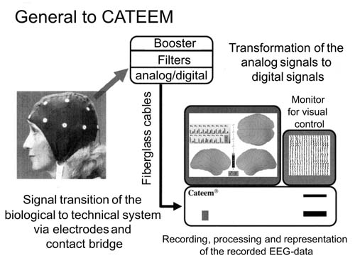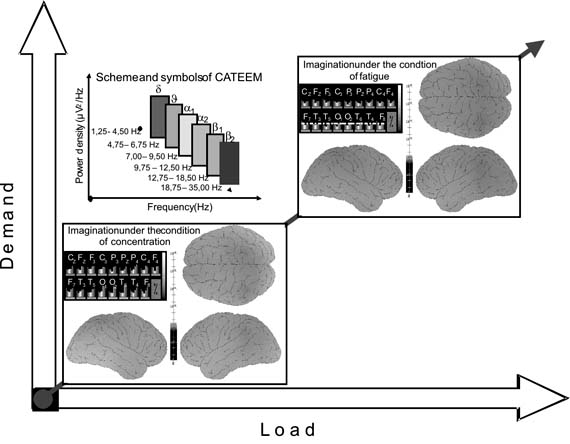 Рис. 1. Взаимосвязь нагрузки и потребности в условиях мысленного упражнения Как считает Шопнфлуг (1987), потребность можно рассматривать как использование ограниченной по силе функции. Активация функции памяти во время мысленных ассоциаций требует для выполнения данной задачи определенной части этой функции. Следовательно, для других видов деятельности функция может использовать только свою оставшуюся не задействованной часть. Снижение функциональной способности наблюдается ограниченный период времени, в зависимости от интенсивности и продолжительности потребности. Что касается проблемы данного исследования, то нас интересовала психическая (когнитивная) потребность. Методы. Субъектами исследования являлись 7 танцоров труппы. Они получили задание мысленно, в воображении, с закрытыми глазами воспроизвести танец. Для всех танцоров использовалась одинаковая хореография. Продолжительность каждого периода нагрузки была равна продолжительности танца, а именно 120 с. Всего было предусмотрено 8 периодов нагрузки с 5-минутными перерывами между ними. Для исчисления общей потребности в первом периоде нагрузки, требующем наибольшей концентрации, применялась средняя величина. После эксперимента танцоры описали свои ощущения потребности. В качестве показателя потребности ЦНС была выбрана кортикальная поверхностная активность. В научных исследованиях, описывающих эксперименты в области науки труда, приводится много примеров реакции на различных частотах ЭЭГ в зависимости от отношения величины нагрузки к скорости и сложности задания (Luczak, 1987). Для регистрации поверхностной активности использовалась система приборов КАТЭЭМ (компьютерной топографической электро-энцефалометрии) компании "МедиСист" (рис. 2). Для измерения электрической активности большого числа нервных клеток во время ЭЭГ применялись поверхностные электроды на теменной области (Cooperetal, 1984; Muhlau, 1990; Ebe, Homma, 1994). Субкортикальные процессы невозможно зарегистрировать непосредственно с помощью ЭЭГ. При использовании ЭЭГ распространение возбуждения в церебральном кортексе во время когнитивного воспроизведения может быть с точностью выражено временными показателями. С помощью системы КАТЭЭМ также можно измерить параметры сердечной, респираторной и мышечной активности в качестве дополнительных показателей психофизической потребности и совместить их с кортексной активностью.
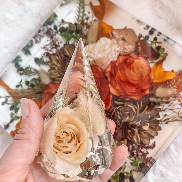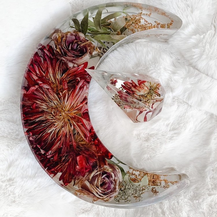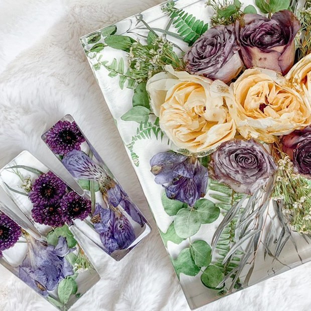 Brandee has been working with resin for 3 years now. She is self taught and had to put her hands in resin Art. She was inspired by Mrs Colorberry on Instagram. She started learning small stuff and was blessed to do 3 local restaurant’s bars in her area. She loves doing everything from ocean to flowers. It has become her peace and she loves to make others smile.
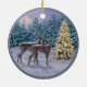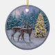 Whitetail Deer & Christmas Tree Winter Scene Ceramic Tree Decoration
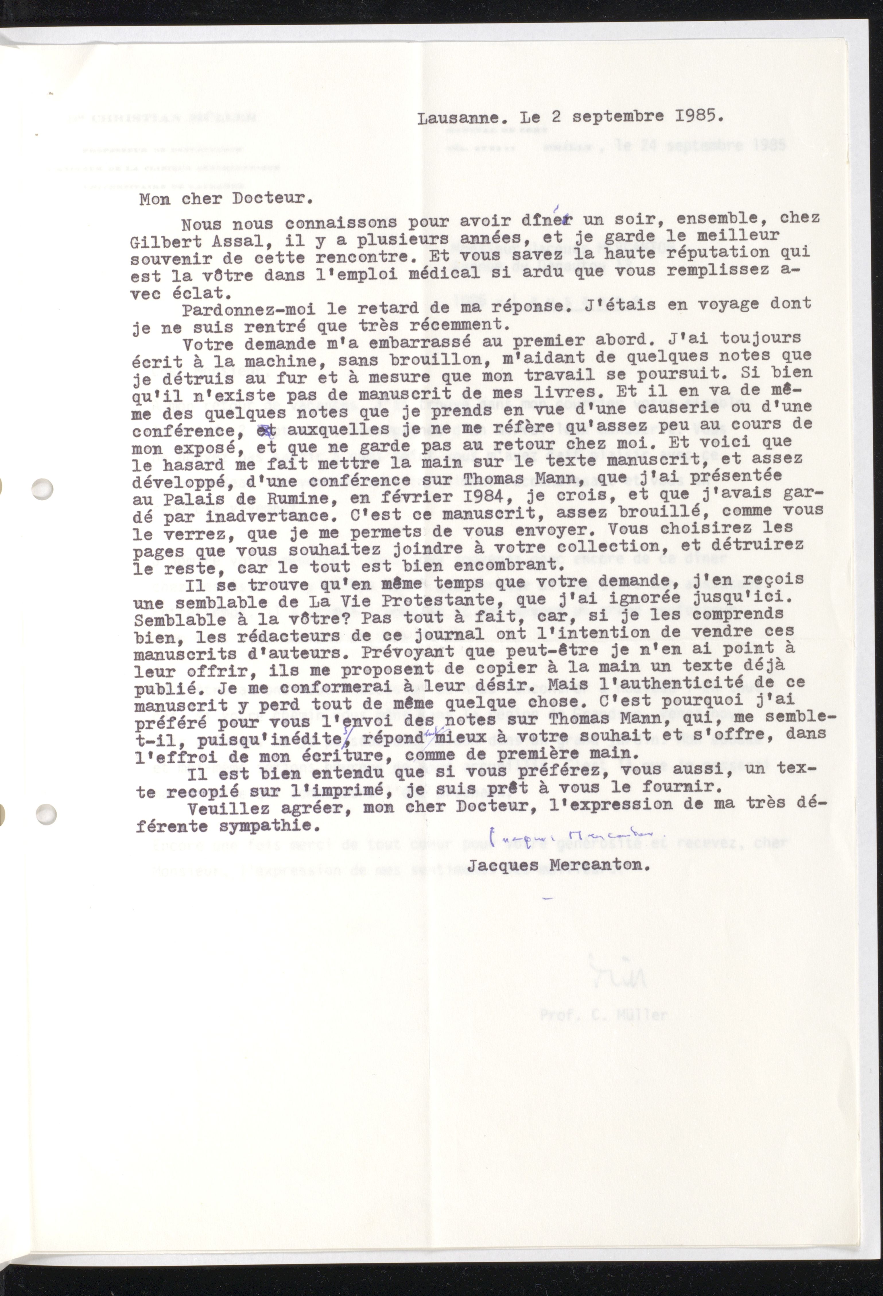 [brouillon d’une conférence sur Thomas Mann + pièces de sa correspondance]
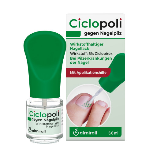 Ciclopoli® gegen Nagelpilz ist ein medizinischer Nagellack mit dem bewährten Wirkstoff Ciclopirox. Durch die besondere Lacktechnologie wird der Wirkstoff Ciclopirox bis in die Tiefe des Nagels transportiert. Dort kann er seine starke Wirkung gegen  Nagelpilz voll entfalten. Lästiges Feilen und Nagellackentferner sind überflüssig: der Anti-Pilz-Lack ist wasserlöslich.
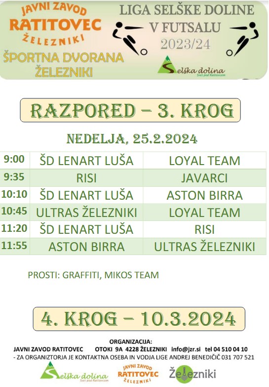 Vabljeni na ogled in navijanje za vašo ekipo.
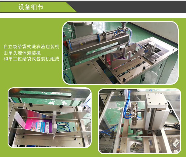 全自動自立袋洗衣液灌裝機是星火新研發(fā)的一款產(chǎn)品,上袋、定量灌裝、封合、切膜、自動計數(shù)一次性自動完成,工藝流程部位采用不銹鋼制造,包裝袋熱合、送袋長度、包裝重量、加熱溫度的調整,簡便可靠,連續(xù)灌裝精度高,包裝速度快,維修方便,是用戶致富選擇的理想設備。包裝產(chǎn)品美觀牢靠,外殼、管道、定量泵采用不銹鋼結構,確保衛(wèi)生,符合食品衛(wèi)生的要求
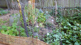 In other news, our little tomato plants were outgrowing their mesh huts, so I fashioned some larger protective cages for them.
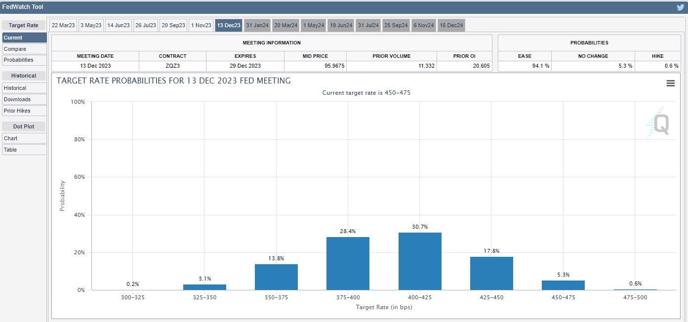 芝商所Fedwatch FOMC 1213日议息会议,联邦利率目标可能性

########

**Exercise brief**
Using the material above, set down every line exactly, but skip the pictures.

**Task response**
 Рис. 1. Взаимосвязь нагрузки и потребности в условиях мысленного упражнения Как считает Шопнфлуг (1987), потребность можно рассматривать как использование ограниченной по силе функции. Активация функции памяти во время мысленных ассоциаций требует для выполнения данной задачи определенной части этой функции. Следовательно, для других видов деятельности функция может использовать только свою оставшуюся не задействованной часть. Снижение функциональной способности наблюдается ограниченный период времени, в зависимости от интенсивности и продолжительности потребности. Что касается проблемы данного исследования, то нас интересовала психическая (когнитивная) потребность. Методы. Субъектами исследования являлись 7 танцоров труппы. Они получили задание мысленно, в воображении, с закрытыми глазами воспроизвести танец. Для всех танцоров использовалась одинаковая хореография. Продолжительность каждого периода нагрузки была равна продолжительности танца, а именно 120 с. Всего было предусмотрено 8 периодов нагрузки с 5-минутными перерывами между ними. Для исчисления общей потребности в первом периоде нагрузки, требующем наибольшей концентрации, применялась средняя величина. После эксперимента танцоры описали свои ощущения потребности. В качестве показателя потребности ЦНС была выбрана кортикальная поверхностная активность. В научных исследованиях, описывающих эксперименты в области науки труда, приводится много примеров реакции на различных частотах ЭЭГ в зависимости от отношения величины нагрузки к скорости и сложности задания (Luczak, 1987). Для регистрации поверхностной активности использовалась система приборов КАТЭЭМ (компьютерной топографической электро-энцефалометрии) компании "МедиСист" (рис. 2). Для измерения электрической активности большого числа нервных клеток во время ЭЭГ применялись поверхностные электроды на теменной области (Cooperetal, 1984; Muhlau, 1990; Ebe, Homma, 1994). Субкортикальные процессы невозможно зарегистрировать непосредственно с помощью ЭЭГ. При использовании ЭЭГ распространение возбуждения в церебральном кортексе во время когнитивного воспроизведения может быть с точностью выражено временными показателями. С помощью системы КАТЭЭМ также можно измерить параметры сердечной, респираторной и мышечной активности в качестве дополнительных показателей психофизической потребности и совместить их с кортексной активностью.
 Brandee has been working with resin for 3 years now. She is self taught and had to put her hands in resin Art. She was inspired by Mrs Colorberry on Instagram. She started learning small stuff and was blessed to do 3 local restaurant’s bars in her area. She loves doing everything from ocean to flowers. It has become her peace and she loves to make others smile.
 Whitetail Deer & Christmas Tree Winter Scene Ceramic Tree Decoration
 [brouillon d’une conférence sur Thomas Mann + pièces de sa correspondance]
 Ciclopoli® gegen Nagelpilz ist ein medizinischer Nagellack mit dem bewährten Wirkstoff Ciclopirox. Durch die besondere Lacktechnologie wird der Wirkstoff Ciclopirox bis in die Tiefe des Nagels transportiert. Dort kann er seine starke Wirkung gegen  Nagelpilz voll entfalten. Lästiges Feilen und Nagellackentferner sind überflüssig: der Anti-Pilz-Lack ist wasserlöslich.
 Vabljeni na ogled in navijanje za vašo ekipo.
 全自動自立袋洗衣液灌裝機是星火新研發(fā)的一款產(chǎn)品,上袋、定量灌裝、封合、切膜、自動計數(shù)一次性自動完成,工藝流程部位采用不銹鋼制造,包裝袋熱合、送袋長度、包裝重量、加熱溫度的調整,簡便可靠,連續(xù)灌裝精度高,包裝速度快,維修方便,是用戶致富選擇的理想設備。包裝產(chǎn)品美觀牢靠,外殼、管道、定量泵采用不銹鋼結構,確保衛(wèi)生,符合食品衛(wèi)生的要求
 In other news, our little tomato plants were outgrowing their mesh huts, so I fashioned some larger protective cages for them.
 芝商所Fedwatch FOMC 1213日议息会议,联邦利率目标可能性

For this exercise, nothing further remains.